Exercise directions
Pictures must not appear in the copy. Set down exactly the line with "Box spring postel" and each line after it through the end of the data below.

Given material
###
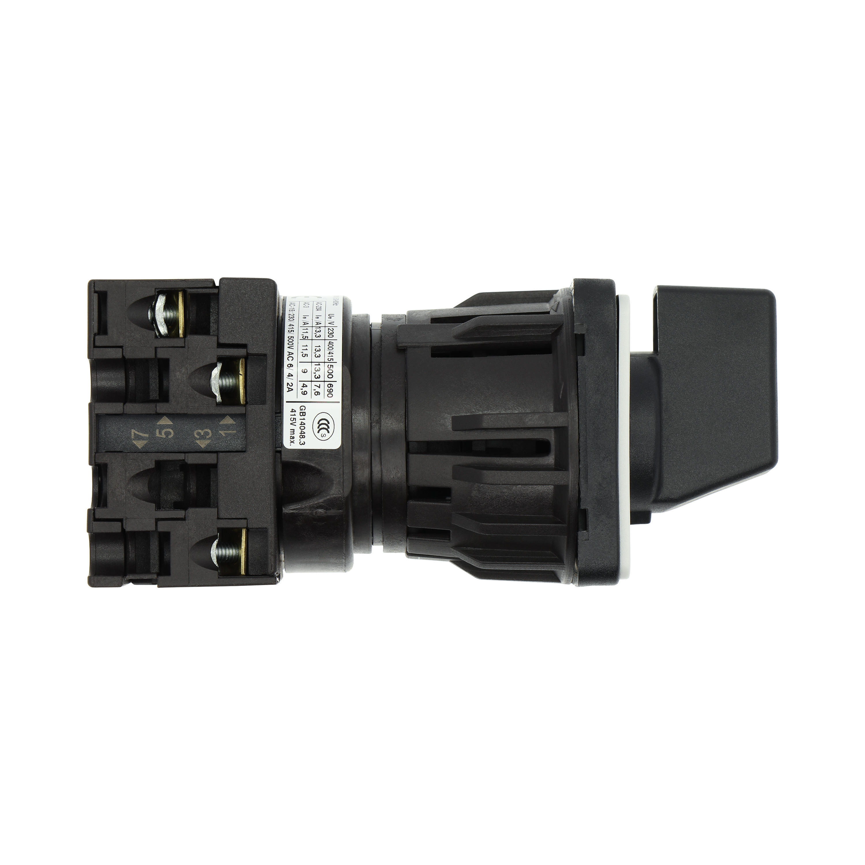 Łącznik krzywkowy wg IEC/EN60947, wielkość konstrukcyjna T0, otwór mocujący o kształcie do montażu centralnego 22,3 mm, tabliczka czołowa 48X48, klasa ochrony na przedzie IP65 z czarnym pokrętłem, pomiarowy prąd stały Iu 20A, znamionowe napięcie pracy Ue 690V, dostępne akcesoria zgodnie z danymi katalogu łączników krzywkowych T. Konstrukcja ogólna: obudowa natynkowa z izolacją, montaż, montaż centralny, montaż pośredni montaż rozdzielacza IVS.
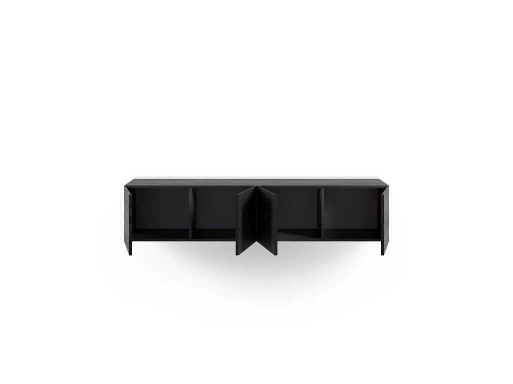 V dekore duba, z MDF, povrchová úprava: melamín, čierny, šírka 180 cm, výška 38 cm, hĺbka 35 cm. BOLO ZLOŽENÉ! MIESTY ĽAHKEJ ODERKY A ŠKRÁBANCA.
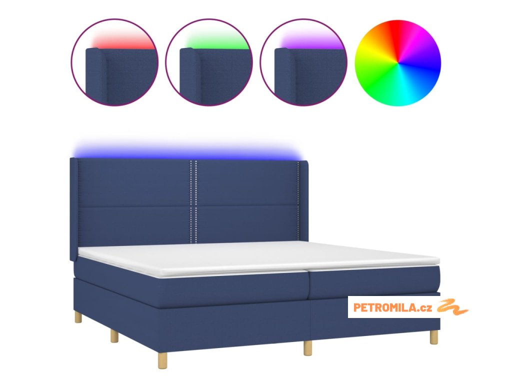 Box spring postel s matrací a LED modrá 200x200 cm textil
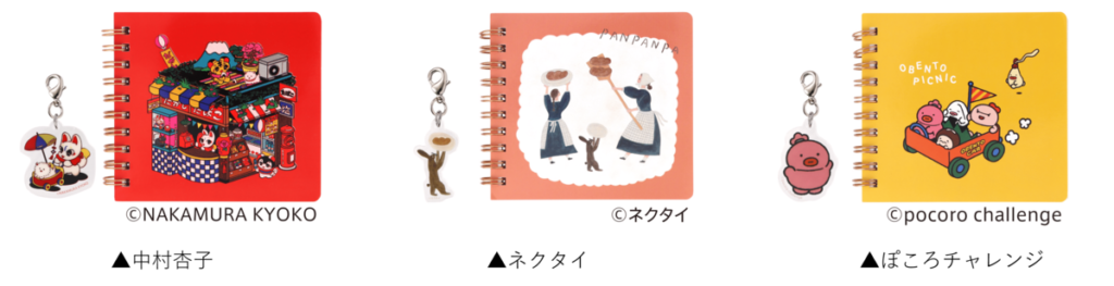 人気クリエイターのイラストを、表紙と、付属のチャームにデザインしたノートだ。持ち歩きに便利な小さめのサイズと、かわいらしい正方形のフォルムが特徴だ。ノートの中身は方眼のシンプルな紙なので、ライフログやジャーナリング、日記帳、推し活など、自由に使い方を決められる。
###
Task response
 Box spring postel s matrací a LED modrá 200x200 cm textil
 人気クリエイターのイラストを、表紙と、付属のチャームにデザインしたノートだ。持ち歩きに便利な小さめのサイズと、かわいらしい正方形のフォルムが特徴だ。ノートの中身は方眼のシンプルな紙なので、ライフログやジャーナリング、日記帳、推し活など、自由に使い方を決められる。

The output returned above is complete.